(Beginning of RECORDS)

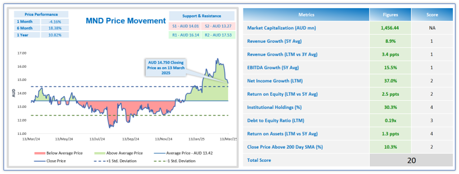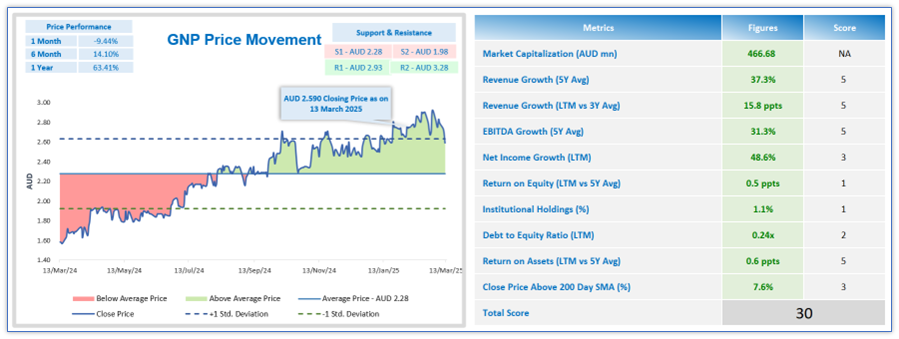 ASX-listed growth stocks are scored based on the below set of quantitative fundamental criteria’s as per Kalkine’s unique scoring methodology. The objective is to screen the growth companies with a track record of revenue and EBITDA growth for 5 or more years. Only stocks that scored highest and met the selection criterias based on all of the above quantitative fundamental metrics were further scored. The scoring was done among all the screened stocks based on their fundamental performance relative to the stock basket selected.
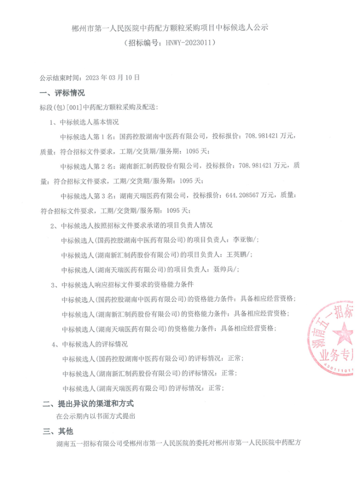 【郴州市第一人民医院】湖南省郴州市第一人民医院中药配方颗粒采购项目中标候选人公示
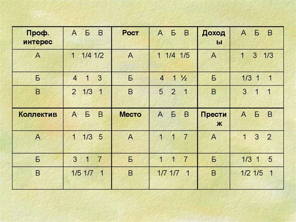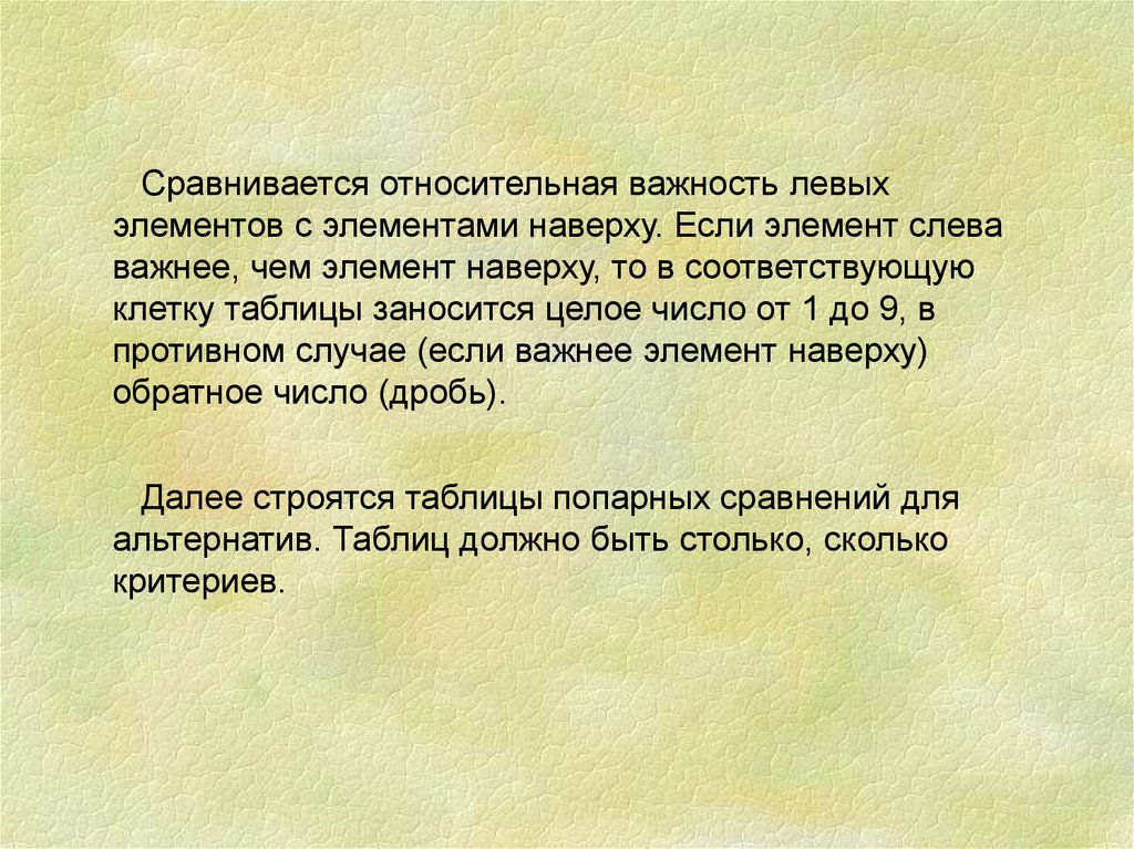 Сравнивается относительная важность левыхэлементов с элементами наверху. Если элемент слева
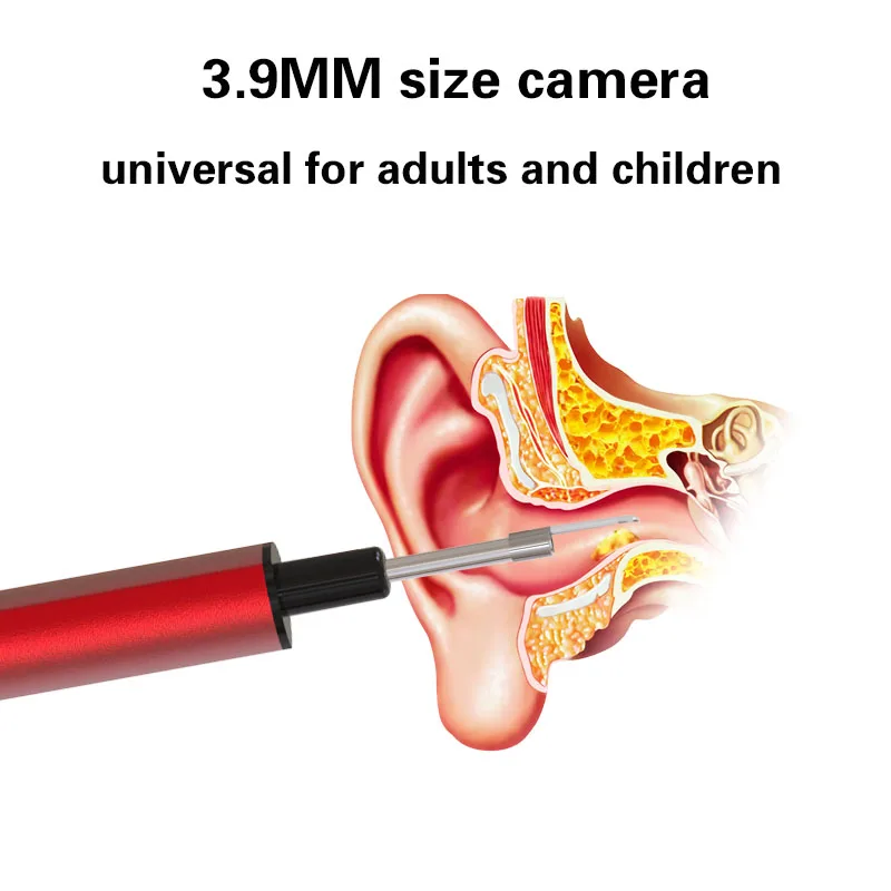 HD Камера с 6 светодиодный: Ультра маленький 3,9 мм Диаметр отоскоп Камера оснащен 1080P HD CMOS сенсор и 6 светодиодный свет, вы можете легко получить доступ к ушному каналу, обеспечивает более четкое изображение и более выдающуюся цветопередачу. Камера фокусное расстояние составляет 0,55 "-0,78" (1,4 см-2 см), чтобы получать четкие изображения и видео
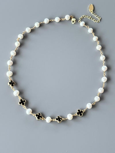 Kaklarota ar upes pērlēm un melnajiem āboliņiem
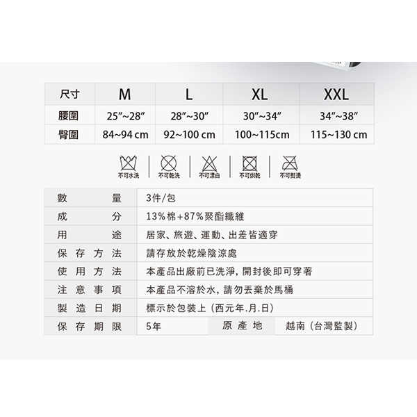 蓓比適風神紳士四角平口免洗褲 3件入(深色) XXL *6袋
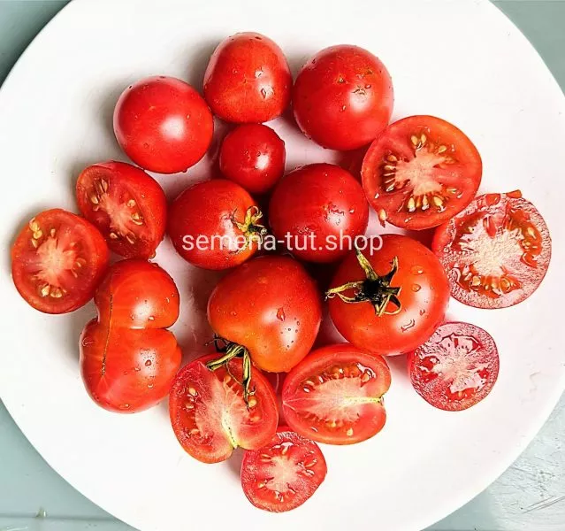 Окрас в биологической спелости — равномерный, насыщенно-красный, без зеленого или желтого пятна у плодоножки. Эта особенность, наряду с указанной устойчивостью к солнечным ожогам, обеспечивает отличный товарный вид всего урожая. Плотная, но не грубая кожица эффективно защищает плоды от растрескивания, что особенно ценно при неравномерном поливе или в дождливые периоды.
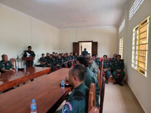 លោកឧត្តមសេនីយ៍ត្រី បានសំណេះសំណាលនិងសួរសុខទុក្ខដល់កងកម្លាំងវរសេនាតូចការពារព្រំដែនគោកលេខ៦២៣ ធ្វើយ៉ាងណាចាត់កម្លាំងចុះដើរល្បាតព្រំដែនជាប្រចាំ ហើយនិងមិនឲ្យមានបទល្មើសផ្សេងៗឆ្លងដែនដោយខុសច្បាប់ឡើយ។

(End of RECORDS)
(Beginning of RECORDS)

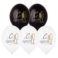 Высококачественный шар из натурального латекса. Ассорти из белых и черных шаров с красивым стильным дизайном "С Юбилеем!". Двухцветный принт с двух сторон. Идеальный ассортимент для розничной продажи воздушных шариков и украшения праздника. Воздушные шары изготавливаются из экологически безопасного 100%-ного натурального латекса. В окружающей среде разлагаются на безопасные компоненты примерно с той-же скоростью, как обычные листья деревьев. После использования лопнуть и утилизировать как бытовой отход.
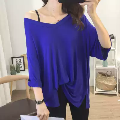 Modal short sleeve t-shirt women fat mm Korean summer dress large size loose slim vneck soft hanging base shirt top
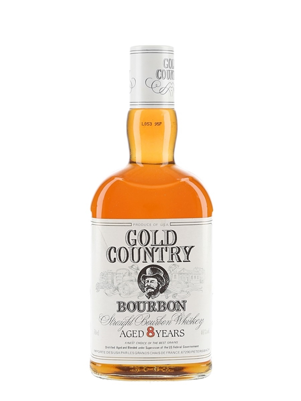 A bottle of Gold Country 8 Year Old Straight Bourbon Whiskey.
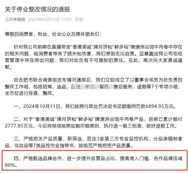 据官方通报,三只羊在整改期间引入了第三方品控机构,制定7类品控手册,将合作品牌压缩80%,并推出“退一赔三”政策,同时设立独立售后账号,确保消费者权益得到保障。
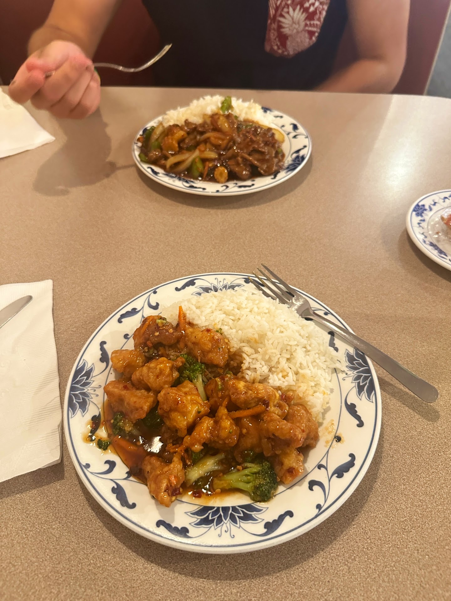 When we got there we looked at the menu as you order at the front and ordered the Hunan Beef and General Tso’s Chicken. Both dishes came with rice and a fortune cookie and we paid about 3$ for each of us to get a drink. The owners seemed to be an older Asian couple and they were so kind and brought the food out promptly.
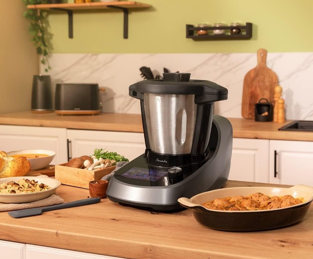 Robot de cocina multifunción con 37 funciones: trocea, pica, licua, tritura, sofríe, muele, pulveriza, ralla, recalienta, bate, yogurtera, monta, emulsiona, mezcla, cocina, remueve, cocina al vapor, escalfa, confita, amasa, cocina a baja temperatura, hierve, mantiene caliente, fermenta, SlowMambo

(End of RECORDS)

TASK DIRECTIONS =>
Working from the records above, set down word for word everything from the line containing "When we got" down to the line containing "Robot de cocina", ends included, minus the pictures.

COMPLETED EXERCISE =>
 When we got there we looked at the menu as you order at the front and ordered the Hunan Beef and General Tso’s Chicken. Both dishes came with rice and a fortune cookie and we paid about 3$ for each of us to get a drink. The owners seemed to be an older Asian couple and they were so kind and brought the food out promptly.
 Robot de cocina multifunción con 37 funciones: trocea, pica, licua, tritura, sofríe, muele, pulveriza, ralla, recalienta, bate, yogurtera, monta, emulsiona, mezcla, cocina, remueve, cocina al vapor, escalfa, confita, amasa, cocina a baja temperatura, hierve, mantiene caliente, fermenta, SlowMambo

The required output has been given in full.